Most of Atlantic City violence can be tied to gangs

“These kids (are) killing at an alarming rate,” says Tally, now 43. “And they’re meaning to kill.”

Floyd Tally was looking for a family.

He was only 16 when his mother died in 1986, leaving him as the surviving name on their lease in Back Maryland’s subsidized housing.

There were people who cared about him, though. At least that’s what he thought. Drug deals brought in money, and guns kept them safe.

They called themselves the Abdullahs, although Tally will no longer use that title. Taken from Islam — as were their rivals, the Salaams — they had nothing to do with religion, he says. Or family.
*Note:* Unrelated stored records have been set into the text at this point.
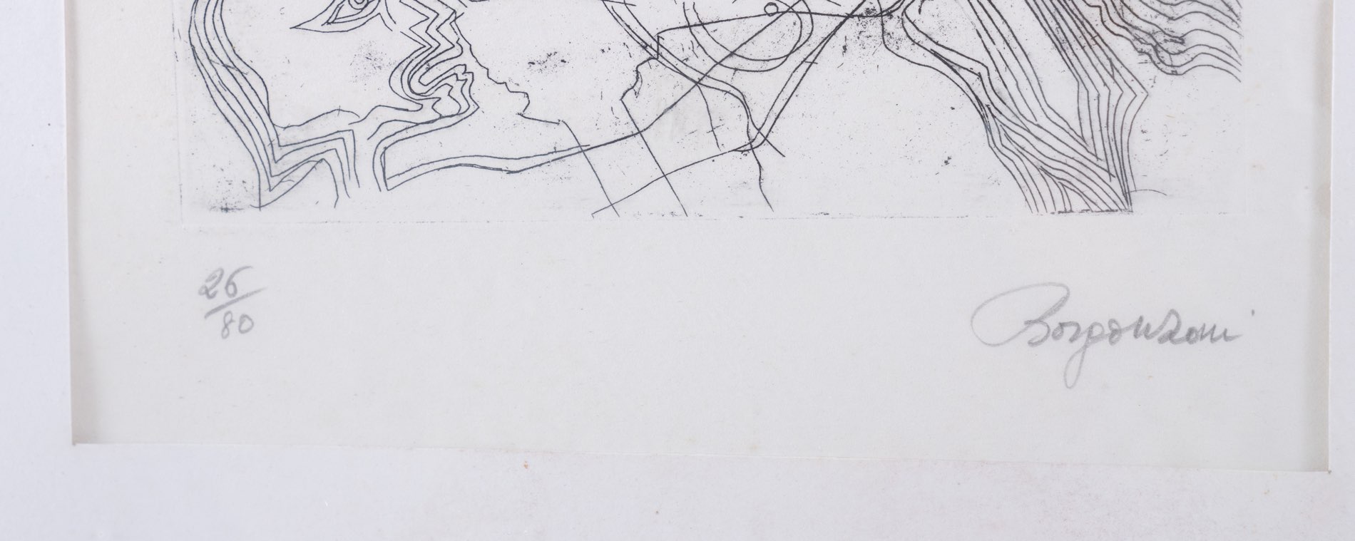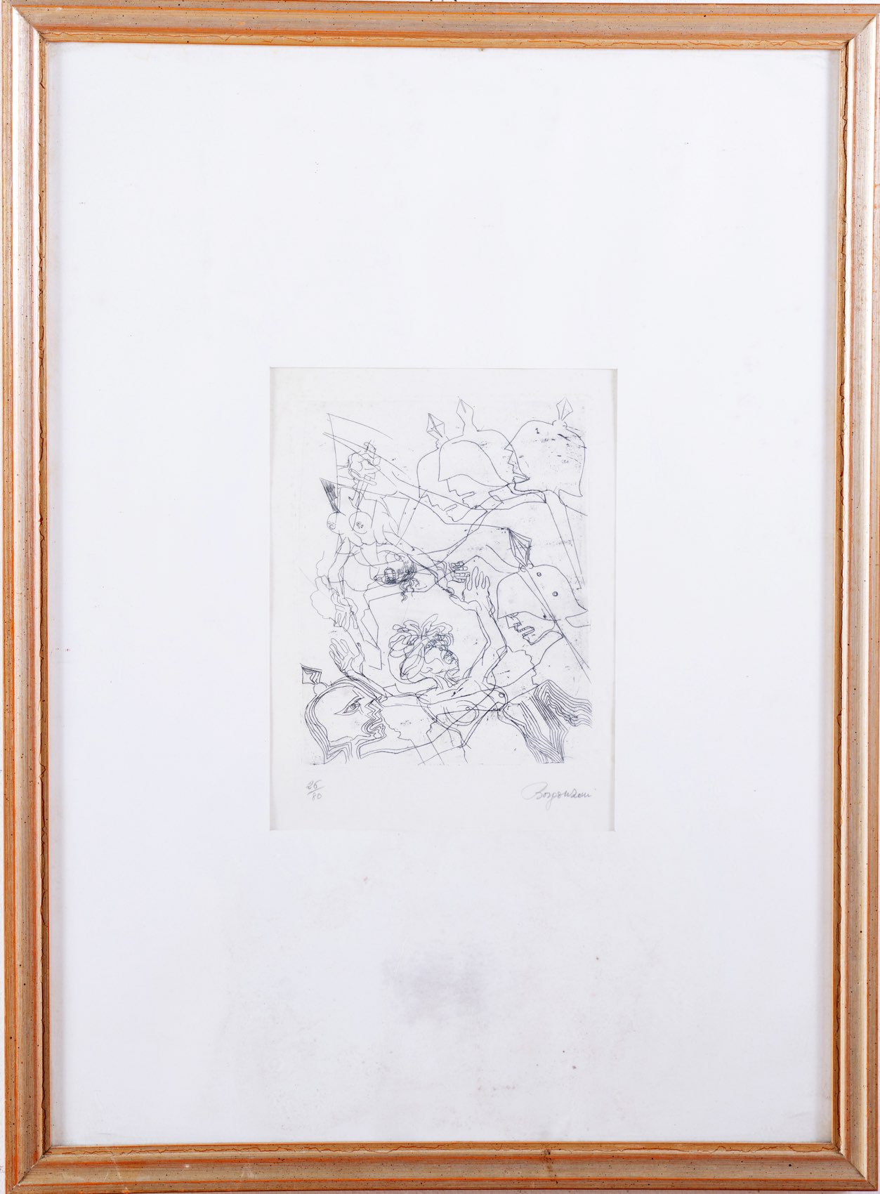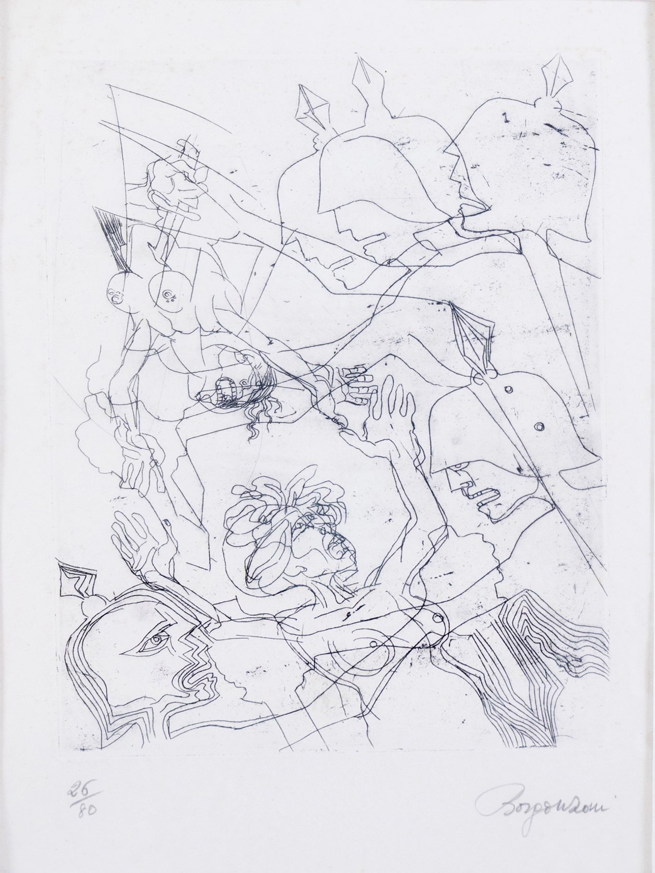 Aldo Borgonzoni (Medicina 1913 - Bologna 2004), “Battaglia”. Litografia su carta, firmata in basso a destra, numero di tiratura in basso a sinistra 26/80, Lastra H cm 30x22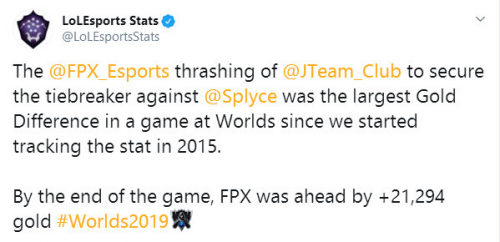 本场生死局结束后,FPX也在世界赛上刷新了S赛最大经济差的记录,本局比赛中FPX领先了21294经济,这也是至2015世统计数据以来,世界赛上最大的经济差!同时在加赛中FPX也打破了世界赛欧洲赛区加赛中不败的记录。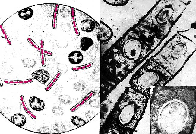 Цепочки вегетативных клеток. Такие колонии хорошо заметны в поле зрения светового микроскопа (слева).На микроэлектронной фотографии (справа) видны споры, созревающие внутри каждой бактериальной клетки.
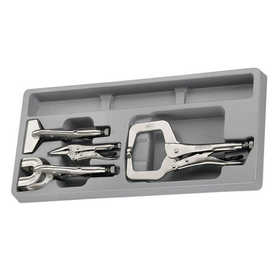 4 piece tray containing C clamp, welding, sheet metal and 6inch long nose power grip pliers. Supplied in the unique Teng Tools TTPS tray for use on its own or as part of the Get organized system.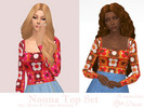 Sims 4 — Nonna Top by Dissia — Long sleeves square cleavage retro flowers squares pattern top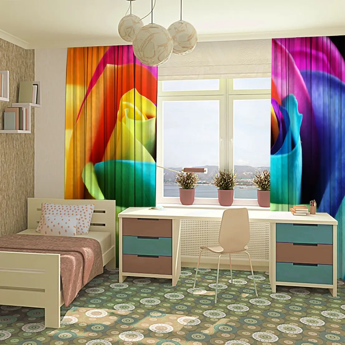 Панели можно повесить с помощью штор или крючков.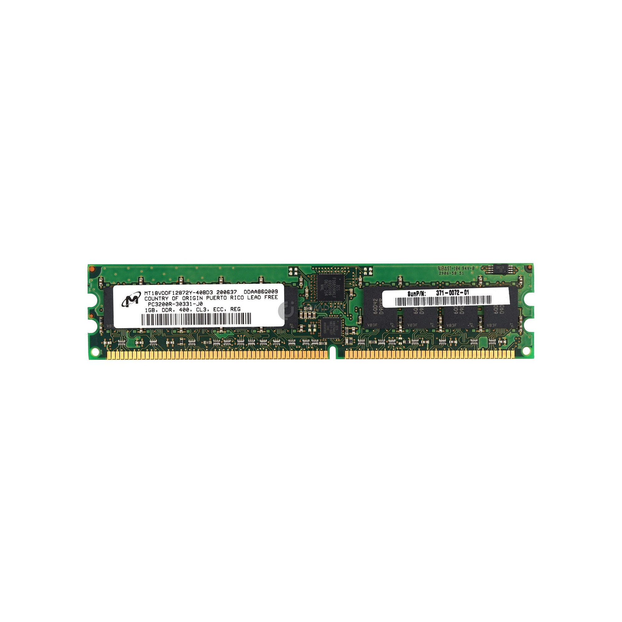 371-0072-01 SUN MEMORY 1GB PC 3200R DDR 400 CL3 ECC REG - MT18VDDF12872Y-40BD3

“That’s false love,” he says now.

The Abdullahs and Salaams may be gone, but the gangs continue in Atlantic City, and are even more dangerous, experts say.

More than half of the city’s violence can be tied to Back Maryland gangs “800 Blok” and rival “Dirty Blok”, based in Stanley Holmes Village, Carver Hall and Schoolhouse Apartments, says city Detective Lonell Jones.

Dozens of alleged members and associates of those groups were arrested in separate raids within a two-month span this spring. Both investigations were bolstered by the inside knowledge of the city’s Vice and Intelligence units. The charges range from heroin distribution to murder.